:: Data to use ::
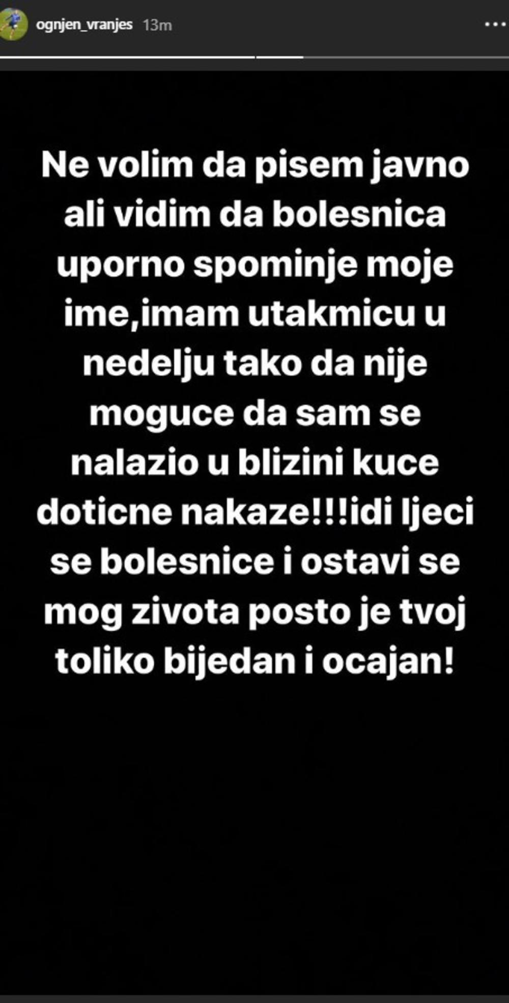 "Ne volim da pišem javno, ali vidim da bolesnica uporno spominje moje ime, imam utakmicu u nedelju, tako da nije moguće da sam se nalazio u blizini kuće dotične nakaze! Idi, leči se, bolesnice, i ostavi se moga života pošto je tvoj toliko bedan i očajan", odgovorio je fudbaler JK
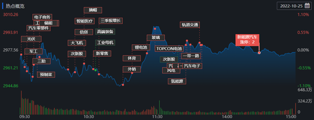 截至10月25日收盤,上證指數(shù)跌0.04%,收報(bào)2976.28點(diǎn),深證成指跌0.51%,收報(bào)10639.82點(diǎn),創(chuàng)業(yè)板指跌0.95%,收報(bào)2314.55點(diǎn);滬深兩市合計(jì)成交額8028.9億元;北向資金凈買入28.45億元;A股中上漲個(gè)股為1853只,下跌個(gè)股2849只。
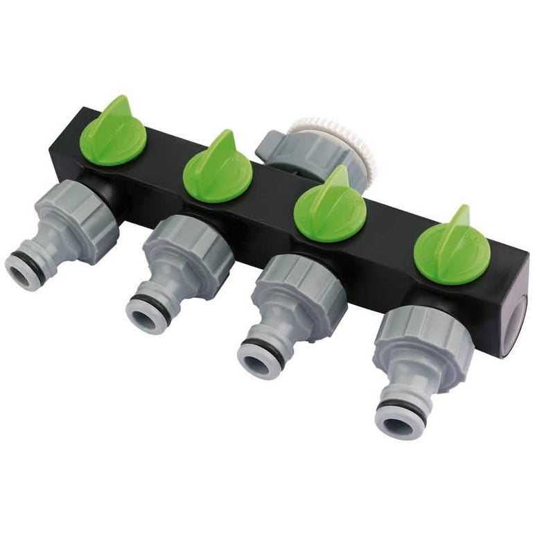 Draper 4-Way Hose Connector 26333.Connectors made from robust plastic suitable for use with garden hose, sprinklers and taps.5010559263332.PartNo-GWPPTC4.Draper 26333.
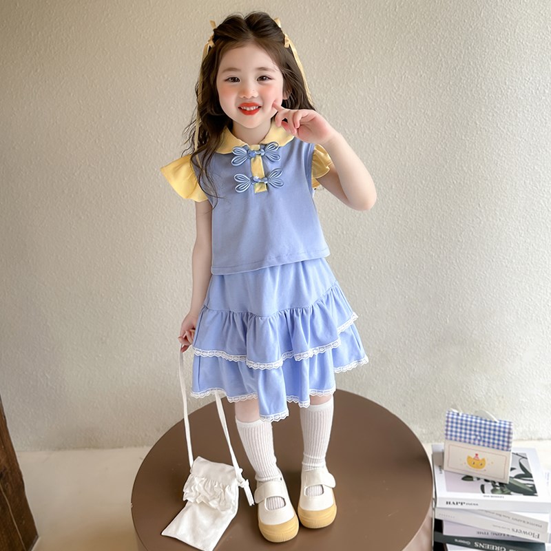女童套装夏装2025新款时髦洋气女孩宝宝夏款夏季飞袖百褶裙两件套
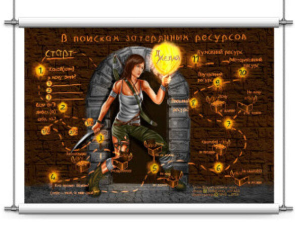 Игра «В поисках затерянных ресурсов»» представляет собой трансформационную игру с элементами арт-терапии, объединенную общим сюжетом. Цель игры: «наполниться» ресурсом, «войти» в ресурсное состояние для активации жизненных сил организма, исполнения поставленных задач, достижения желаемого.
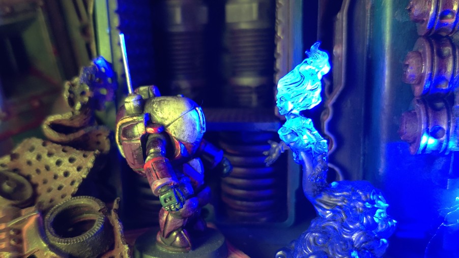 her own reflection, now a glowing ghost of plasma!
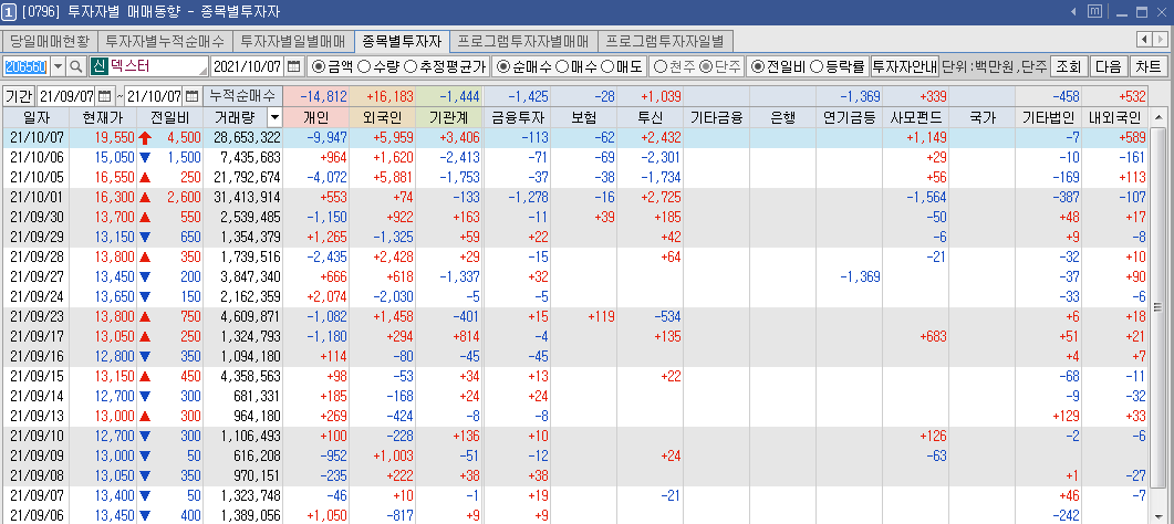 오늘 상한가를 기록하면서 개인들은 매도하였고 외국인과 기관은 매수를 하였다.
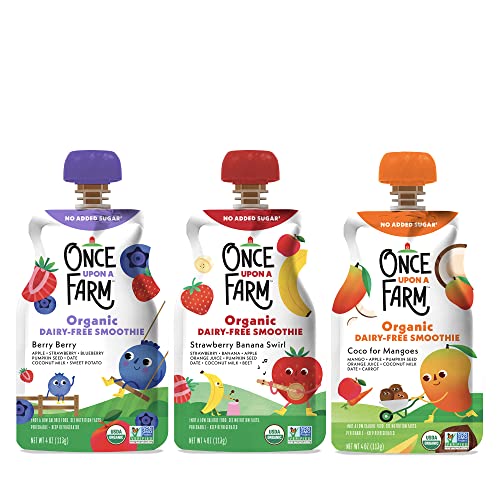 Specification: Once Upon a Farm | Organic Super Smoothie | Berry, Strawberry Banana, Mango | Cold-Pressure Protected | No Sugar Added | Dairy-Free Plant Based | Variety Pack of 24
:::
Exercise objective: Apart from the pictures, write every entry out again exactly.

Answer to the exercise:
 "Ne volim da pišem javno, ali vidim da bolesnica uporno spominje moje ime, imam utakmicu u nedelju, tako da nije moguće da sam se nalazio u blizini kuće dotične nakaze! Idi, leči se, bolesnice, i ostavi se moga života pošto je tvoj toliko bedan i očajan", odgovorio je fudbaler JK
 截至10月25日收盤,上證指數(shù)跌0.04%,收報(bào)2976.28點(diǎn),深證成指跌0.51%,收報(bào)10639.82點(diǎn),創(chuàng)業(yè)板指跌0.95%,收報(bào)2314.55點(diǎn);滬深兩市合計(jì)成交額8028.9億元;北向資金凈買入28.45億元;A股中上漲個(gè)股為1853只,下跌個(gè)股2849只。
 Draper 4-Way Hose Connector 26333.Connectors made from robust plastic suitable for use with garden hose, sprinklers and taps.5010559263332.PartNo-GWPPTC4.Draper 26333.
女童套装夏装2025新款时髦洋气女孩宝宝夏款夏季飞袖百褶裙两件套
 Игра «В поисках затерянных ресурсов»» представляет собой трансформационную игру с элементами арт-терапии, объединенную общим сюжетом. Цель игры: «наполниться» ресурсом, «войти» в ресурсное состояние для активации жизненных сил организма, исполнения поставленных задач, достижения желаемого.
 her own reflection, now a glowing ghost of plasma!
 오늘 상한가를 기록하면서 개인들은 매도하였고 외국인과 기관은 매수를 하였다.
 Specification: Once Upon a Farm | Organic Super Smoothie | Berry, Strawberry Banana, Mango | Cold-Pressure Protected | No Sugar Added | Dairy-Free Plant Based | Variety Pack of 24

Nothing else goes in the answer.